The coaches’ remarks might be colored by some bitterness but they are not alone in their opinion. Sheldon H. Jacobson, a computer science professor at the University of Illinois at Urbana-Champaign, also believes the NCAA selection process is broken, citing the number of head-scratching upsets in 2023 that may indicate that team seedings or rankings in the tournament may not accurately reflect team performance. Jacobsen notes that in 2023, no team seeded 1, 2, or 3 reached the Final Four, the first time that’s happened since 1986. The problem may be that the BET system weighs all games played during the season equally, thereby leading to an incorrect seeding. Early season games rarely provide a good assessment of how well a team is playing in March. Seeding Purdue at number one in 2023 was not an accurate reflection of the team’s performance at the end of the season and Purdue was eliminated in the first round.
One underrated factor may be the rankings of mid-major teams. “Mid-majors are underrated by the selection committee,” said Jacobson in an email. “Power conference teams gain nothing to play them early in the season and have everything to lose. When forced to play them, the results can be unexpected.”
Hindsight is one thing but what’s a hoops fan to do in 2024 when the NCAA’s own data analytics doesn’t appear to offer any reliable guidelines to bracket picks? One key indicator may be how well a team is playing in the games running up to the tournament. A “bracket buster” may be a team that has been inconsistent over the course of the season, says Jacobson. Meanwhile, a team’s record over the past seven games may be a key indicator of how well the team is playing as the tournament begins.
“There is a lot of debate in the academic world about players or teams with a ‘hot hand,’” says Jackie Silverman-Lerner, assistant professor of marketing at the University of Delaware via email. “It might not last all the way to the Final Four but a team that was ‘hot’ over the last couple of weeks of the season may able to carry that momentum into the first few rounds of the tournament better than, say, a team with the same record but fewer concentrated wins at the end of the season.”
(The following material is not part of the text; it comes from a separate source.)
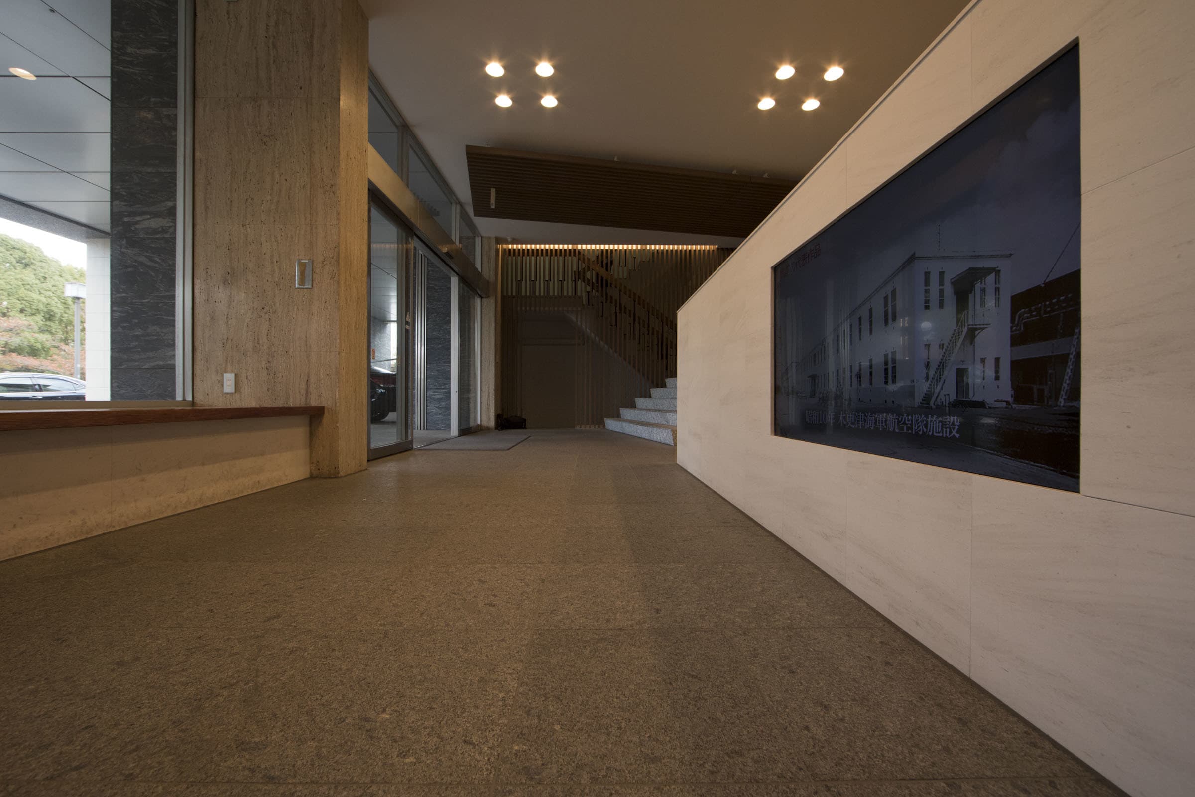 本社の耐震改修に合わせて行ったエントランスの改修工事です。外観については、耐震補強によってエントランス前の柱サイズが部分的に大きくなることがわかっており、それをデザインに積極的に取り込み2つの門型のフレームが重なりあった形として、来訪者を招き入れるゲートとなるようイメージしました。エントランス内部はルーバーを天井から正面の壁におろし来訪者の動線を示しつつ、その先の階段をルーバーで覆って間接照明で演出しました。新たに設置したスロープ部分は、新設したスロープの手摺壁と、あえて残した既存トラバーチン壁面とで新旧を融合させる空間としました。来訪者がベンチに気軽に腰を掛けながら、当社の歴史を知っていただく為に壁面埋めこみのデジタルサイネージを設置しました。当社のこれまでの歴史を重んじながらも、さらに発展していきたい、という願いを込めて取り組みました。

“Bracketologists” also are turning to artificial intelligence for help, amassing data from a team’s past performance that includes box score information that includes a team’s free-throw percentage, turnovers and assists to develop what they hope are predictive algorithms. One challenge is that AI relies on extremely large datasets while the information regarding NCAA tournament teams is a relatively small sample size from an AI perspective.
What artificial intelligence and other forms of data analytics can’t account for is what Silverman calls “noise,” luck and other idiosyncratic factors that can’t be quantified by even the best models. “Unexpected injuries, boosts in confidence and lucky plays can all impact a game’s outcome,” she says. “Of course, when a frontrunner experiences these boons they simply win by more points but when an underdog team gets lucky, it can completely change the game.” Or your brackets.
As the tournament begins, Houston, Purdue, North Carolina and UConn (University of Connecticut) are ranked as number one seeds in their assigned regions. So how likely are all these teams to make it to the Final Four?
“The expected rarely occurs,” notes Jacobson. “Games are played on the court, not on a computer.”